КАК ОПЫТ, а не теория, породил планы реформ, так и министерство реализовывало свою программу не столько систематически, сколько оппортунистически, по мере того как это становилось политически целесообразным. Как и ожидал Гренвилл, во время зимней сессии Общин оппозиция предприняла две крупные атаки: одна была основана на недовольстве налогом на сидр, другая — на беспокойстве по поводу того, как правительство использовало генеральный ордер против Джона Уилкса без учета парламентских привилегий. То, что министерство ожидало, что это будут серьезные испытания, было очевидно с самого начала сессии. Во вступительной речи короля, которую написал Гренвилл, подчеркивалась необходимость решения проблемы «тяжелых долгов, возникших в ходе последней войны»; в королевском послании общинам, также написанном Гренвиллом, депутатам предлагалось определить, следует ли лишить Уилкса места в палате, а значит, и парламентской привилегии. Однако определить повестку дня — еще не значит контролировать ход дебатов, и Уильям Питт решил воспользоваться блестящей возможностью свалить министерство Гренвилла. Рядом с ним стоял Чарльз Тауншенд, которого некоторые считали сверстником Питта по красноречию и который, по мнению многих, унаследует его политическую мантию[740].

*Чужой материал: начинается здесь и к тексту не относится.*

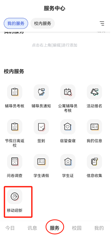 2025级新生同学在登录后进入个人页面后点击下方“服务”按钮,首次登陆时“服务”中的应用列表需要10-30秒的预加载时间,还请耐心等待。
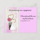 This engagement announcement has a stylised bride in a wedding gown and groom in a tuxedo with pink flower adorned, entwined gold hearts in background.and lace look trim. Pink themed. You can alter the text to personalise. On the front is a Bible verse from the Song of Solomon that says "I haa. On the back is your message and your names.
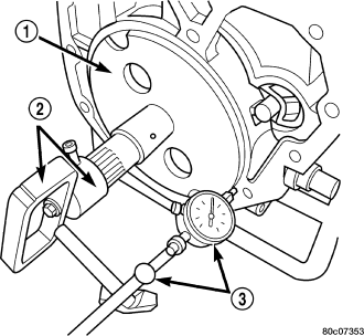 11. Using Alignment Plate 8261 (1), Adapter 8266-17 from End-Play Tool Set 8266 (2) and Dial Indicator C-3339 (3), measure and record the output shaft end-play.
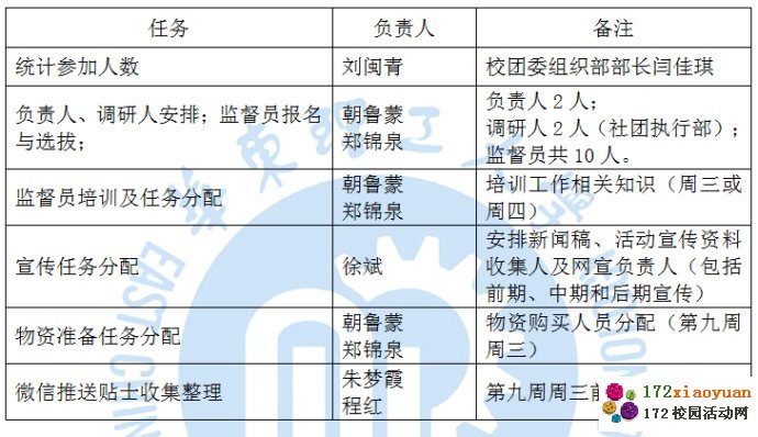 第九周【4.14-4.18】召开监督员会议,确定监督员具体分工,组织监督员培训,落实各项分工。
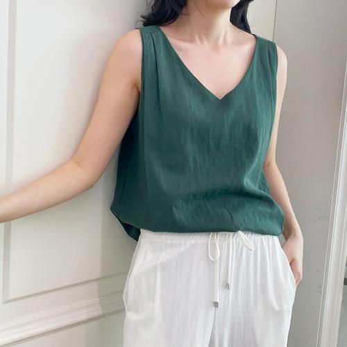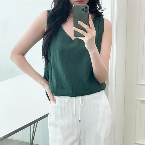 [샵앤][샵앤] 국산 여성 린넨 V넥 무지 베이직 민소매 나시티 SML-WSH-4588-그린
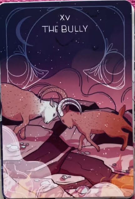 The center picture above was fancily arranged with my own Tarot for Kids deck. The pictures on either end were taken from a general internet search because my own specific cards of The Best Friends and The Bully are missing from my deck!
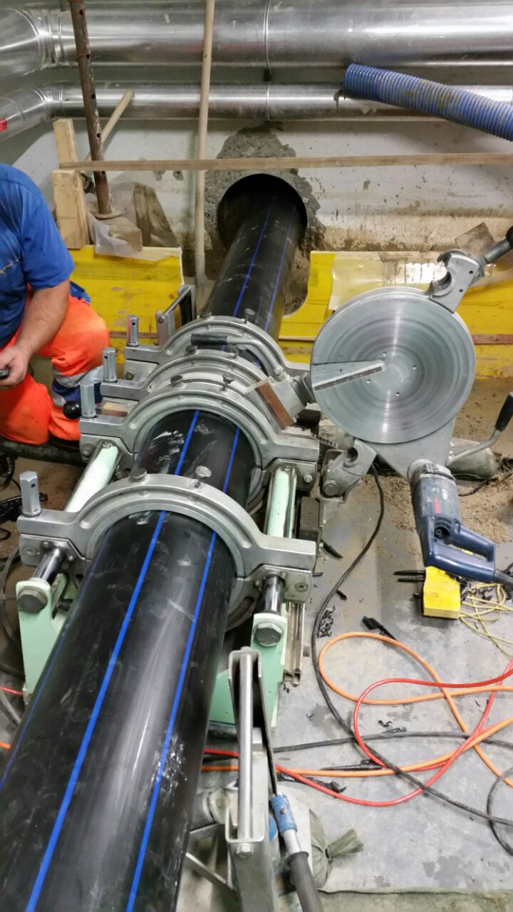 Die Pilotbohrung in bis zu 6.50 m Tiefe verlief problemlos. Nachdem das Ziel erreicht war, wurde über das Pilotloch ein Kernloch von 450 mm Durchmesser durch die Gebäudewand in den Lüftungsraum gebohrt, durch das der Backreamer Ø 400 mm gezogen wurde. Nach nur einem Aufweitvorgang konnte die neue Druckrohrleitung in die Trasse eingezogen werden. Aufgrund mangelnden Platzes im Kelleraum durften die einzelnen Rohre nur 2.50 m lang sein und wurden am Zielort zu Strängen von 12,50 m zusammengeschweißt. Während des Rohreinzugs musste dann alle 12,50 Meter ein so vorbereiteter Rohrstrang angeschweßt werden.
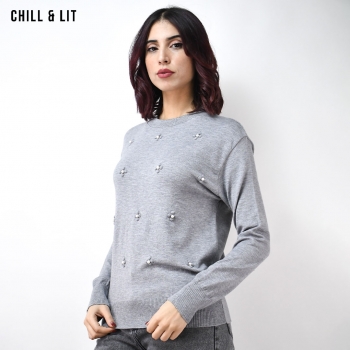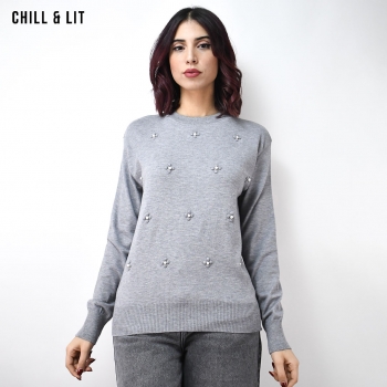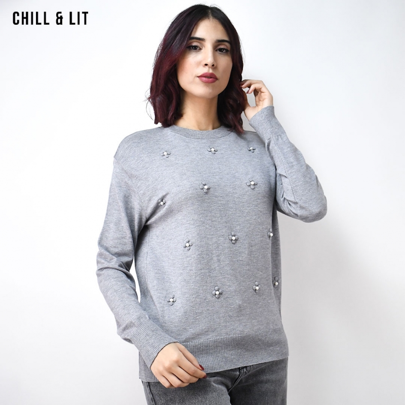 Pull en Laine Femme à Manches Longues, Col Rond. Hyper Tendance en ce Moment en Ligne sur Chill&Lit. Le Mannequin Porte La Taille Standard.
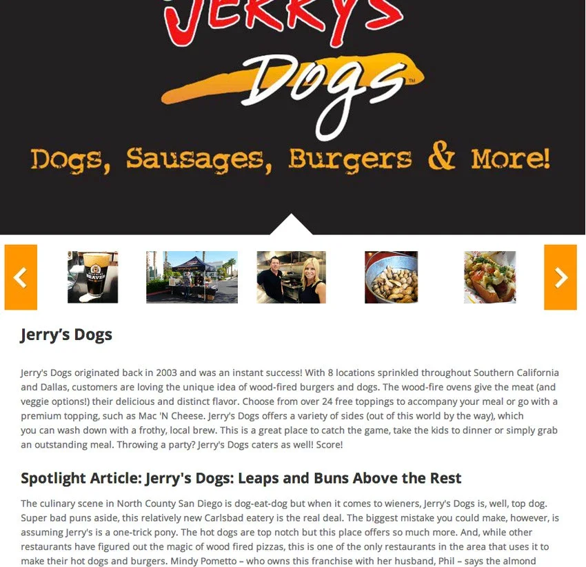 Web copy written on Jerry's Dogs for ItsEncinitas.com

Несмотря на успехи Питта и Тауншенда в переключении дискуссии с довольно неприятного поведения Уилкса на абстрактные вопросы свободы прессы и свободы от произвольных арестов, правительство сохранило комфортный перевес в первых голосованиях. Более того, на Рождество Уилкс оказал Гренвилю огромную услугу, сбежав во Францию, и 19 января Палата, признав его неуважительным, проголосовала за его высылку. Но большинство правительства ослабло в конце января и начале февраля, когда Гренвилл отстоял налог на сидр, провалив важнейшую резолюцию о его изменении всего двадцатью голосами. Оппозиция, почуяв кровь, в середине февраля предприняла тотальную попытку свергнуть министерство на том основании, что оно злоупотребляло своей властью при использовании генеральных ордеров. Столь радикальные меры, попахивающие деспотизмом, обеспокоили многих независимых членов парламента, которые мало уважали Уилкса, но питали огромную привязанность к Питту. Однако в конце концов даже речи Великого простолюдина не смогли одержать верх, и резолюция, которая объявила бы общие ордера неконституционными, провалилась десятью голосами. Сохранив таким образом контроль над ситуацией, несмотря на вызов оппозиции, «превосходящей все примеры и убеждения», Гренвилл мог предложить свою собственную законодательную программу — и действительно мог сделать это с большой уверенностью, поскольку в разгар дебатов король наконец заверил его, что будет поддерживать министерство, несмотря ни на что. Независимые, которые следовали примеру Питта, вновь заняли привычную позу покорности, и большинство Гренвилла наконец-то выросло до комфортных размеров[741].